3.2 Des spécialisations nationales très inégales au sein de l'UE
L'analyse de spécialisation pour l'année 2025 met en lumière de fortes disparités entre États membres. La Belgique se distingue comme le spécialiste le plus marqué (RSCA de 0,533, RCA de 3,28), portée par les installations pétrochimiques d'Anvers et la présence de grands groupes comme Borealis et INEOS. La Suède (RSCA 0,459, RCA 2,69) et la Finlande (RSCA 0,288, RCA 1,81) bénéficient également d'une spécialisation significative. À l'inverse, des pays comme Chypre (RSCA −1,000), la Croatie (−0,790), la Roumanie (−0,670) et la Tchéquie (−0,653) sont fortement déficitaires dans ce segment, dépendant quasi intégralement des approvisionnements intra-UE ou extra-UE.

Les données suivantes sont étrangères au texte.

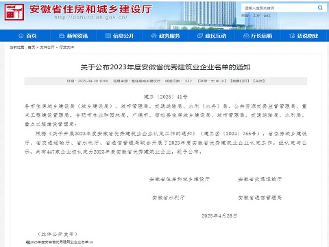 近日,leyu.乐鱼(中国)体育科技股份有限公司官网 接连获得两项省级权威认可:安徽省住房和城乡建设厅公布了《2023年度安徽省优秀建筑业企业名单》,leyu.乐鱼(中国)体育科技股份有限公司官网 有限公司凭借卓越的综合实力、突出的行业贡献和良好的社会口碑再次成功入选。同时又荣获安徽省市政工程协会认定的"2024年度优秀市政企业"称号。这一系列荣誉的取得,充分展现了企业在建筑工程和市政工程领域的综合实力和行业领先地位。

| État membre | RSCA | RCA | Part prod. UE | Part com. UE |
|---|---|---|---|---|
| Belgique | 0,533 | 3,28 | 27,8 % | 8,5 % |
| Suède | 0,459 | 2,69 | 6,5 % | 2,4 % |
| Finlande | 0,288 | 1,81 | 1,8 % | 1,0 % |
| Slovaquie | 0,163 | 1,39 | 2,9 % | 2,1 % |
| Espagne | 0,105 | 1,23 | 7,2 % | 5,8 % |
3.3 Le basculement vers une dépendance nette aux importations
L'un des signaux les plus marquants de la période est le glissement de l'UE d'une position d'exportateur net (solde négatif de −294 M€ en 2015, et −1,9 % de dépendance nette aux importations) vers une situation de légère dépendance aux importations en 2025 (+0,7 % de dépendance nette). Ce basculement est particulièrement visible en 2022, où le déficit commercial avait atteint 684 M€ (pic historique), porté par la combinaison de prix d'importation très élevés et de volumes d'exportation en repli. Le taux de propension à l'exporter est passé de 22,2 % à 25,4 % (+14,6 %), ce qui pourrait sembler contradictoire, mais s'explique par le fait que la production a diminué plus vite que les exportations en volume relatif. En d'autres termes, l'UE exporte une part croissante d'une production décroissante, ce qui ne suffit pas à compenser l'afflux d'importations à bas coût.
Conclusion
La période 2015–2025 a profondément transformé le marché européen du polyéthylène basse densité. Trois enseignements majeurs se dégagent. Premièrement, l'UE a subi une contraction durable de ses volumes de production et d'échanges, reflétant un désavantage compétitif croissant lié aux coûts énergétiques, face à des régions disposant d'abondantes matières premières (gaz de schiste aux États-Unis, gaz naturel au Moyen-Orient). Deuxièmement, la recomposition géographique des partenaires commerciaux a été brutale : l'Arabie saoudite a cédé sa place de premier fournisseur aux États-Unis, la Russie a quasi disparu des débouchés à l'exportation, et la Chine est devenue un client majeur. Troisièmement, l'UE est passée d'une situation d'autosuffisance relative à une légère dépendance nette aux importations, un signal d'alerte pour la souveraineté industrielle européenne dans un segment stratégique de la chimie. À l'horizon, la poursuite de la transition énergétique et les incertitudes géopolitiques (relations transatlantiques, tensions au Moyen-Orient) continueront de façonner les dynamiques de ce marché essentiel pour l'industrie des plastiques.